Medical experts in countries hit by COVID-19 are reporting the first tell-tale signs of the virus may be in an unexpected loss of smell.

Ear, nose and throat (ENT) surgeons say loss of smell—as the virus causes swelling in the olfactory mucosa more than other viruses—could be used as a key clinical indicator in otherwise symptom-free carriers of COVID-19.
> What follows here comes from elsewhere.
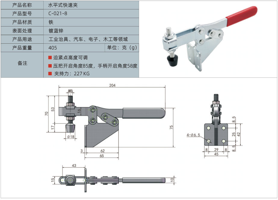 产品名称:水平式快速夹

“It is these ‘silent carriers’ who may remain undetected by current screening procedures, which may explain why the disease has progressed so rapidly in so many countries around the world,” says South Australian specialist Flinders University Professor Simon Carney, from the Southern ENT and Adelaide Sinus Centre.

“While further research is required, loss of smell, or anosmia, has been reported in as many as one in three patients in South Korea and, in Germany, this figure was as high as two in three patients,” says Professor of Otolaryngology (head and neck surgery) at Flinders University.

“An ENT professor in London has reported seeing a dramatic increase in patients with anosmia as their only symptom of COVID-19 infection.”

As Australia struggles to contain the spread of COVID-10, identification of these carriers could help to slow the spread of infection.

“In the UK, ENT surgeons are pushing to have anosmia highlighted as an important symptom that may signify a patient may be an asymptomatic carrier,” says Professor Carney, immediate past president of the Australia and New Zealand Rhinologic Society.

“Australia is in a position to take advantage of these findings overseas to try and ‘flatten the curve’ while we still can.”

Doctors and COVID-19 detection centres could use this subtle sign and unexplained sudden anosmia the testing criteria, he says.

Patients should also consider calling their GP with this early symptom as a precursor for possible treatment.